── Data shown

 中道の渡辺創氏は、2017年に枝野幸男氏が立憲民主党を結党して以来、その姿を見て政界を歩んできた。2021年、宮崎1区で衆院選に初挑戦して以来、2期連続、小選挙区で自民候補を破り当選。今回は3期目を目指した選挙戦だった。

────
── Data shown

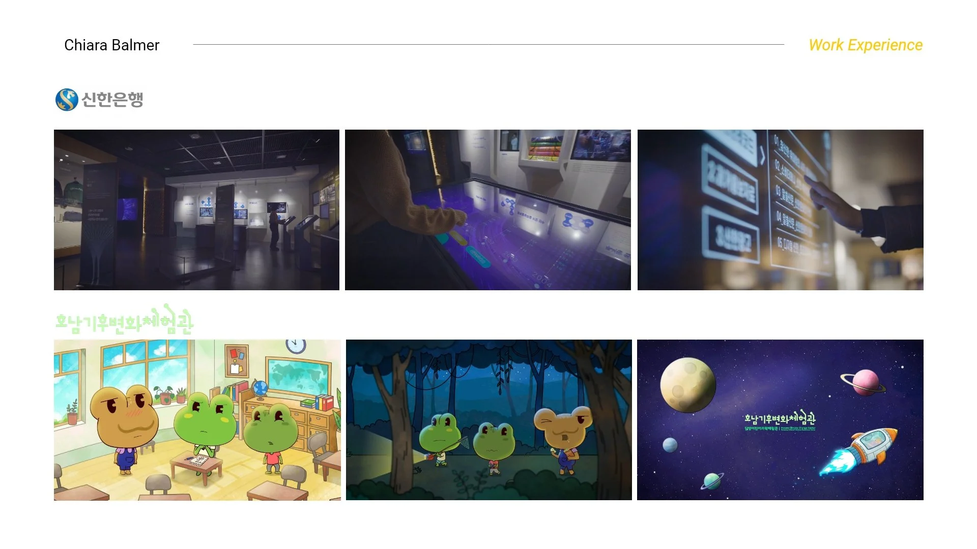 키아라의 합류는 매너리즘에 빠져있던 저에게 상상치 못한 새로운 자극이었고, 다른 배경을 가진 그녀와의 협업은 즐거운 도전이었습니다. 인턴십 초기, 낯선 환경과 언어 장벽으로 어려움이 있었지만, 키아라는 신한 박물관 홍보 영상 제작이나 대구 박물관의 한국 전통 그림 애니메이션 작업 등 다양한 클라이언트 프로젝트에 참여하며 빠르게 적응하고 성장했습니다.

────
── Data shown

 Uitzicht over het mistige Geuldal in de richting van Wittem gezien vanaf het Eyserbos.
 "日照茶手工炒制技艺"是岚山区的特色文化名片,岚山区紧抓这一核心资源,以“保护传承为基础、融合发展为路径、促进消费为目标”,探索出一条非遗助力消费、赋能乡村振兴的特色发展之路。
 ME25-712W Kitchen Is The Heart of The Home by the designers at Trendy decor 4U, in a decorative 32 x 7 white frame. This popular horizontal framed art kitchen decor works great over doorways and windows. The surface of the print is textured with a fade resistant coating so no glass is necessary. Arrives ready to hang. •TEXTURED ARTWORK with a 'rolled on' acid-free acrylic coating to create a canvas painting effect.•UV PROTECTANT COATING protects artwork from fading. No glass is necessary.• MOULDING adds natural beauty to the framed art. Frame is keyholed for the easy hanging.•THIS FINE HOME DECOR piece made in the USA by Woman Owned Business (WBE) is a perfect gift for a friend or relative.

────

→ About this exercise
Above are the records; print exactly the lines from the line with "Uitzicht over het" to the line with "ME25-712W Kitchen Is", including both, and nothing else.

→ Answer section
 Uitzicht over het mistige Geuldal in de richting van Wittem gezien vanaf het Eyserbos.
 "日照茶手工炒制技艺"是岚山区的特色文化名片,岚山区紧抓这一核心资源,以“保护传承为基础、融合发展为路径、促进消费为目标”,探索出一条非遗助力消费、赋能乡村振兴的特色发展之路。
 ME25-712W Kitchen Is The Heart of The Home by the designers at Trendy decor 4U, in a decorative 32 x 7 white frame. This popular horizontal framed art kitchen decor works great over doorways and windows. The surface of the print is textured with a fade resistant coating so no glass is necessary. Arrives ready to hang. •TEXTURED ARTWORK with a 'rolled on' acid-free acrylic coating to create a canvas painting effect.•UV PROTECTANT COATING protects artwork from fading. No glass is necessary.• MOULDING adds natural beauty to the framed art. Frame is keyholed for the easy hanging.•THIS FINE HOME DECOR piece made in the USA by Woman Owned Business (WBE) is a perfect gift for a friend or relative.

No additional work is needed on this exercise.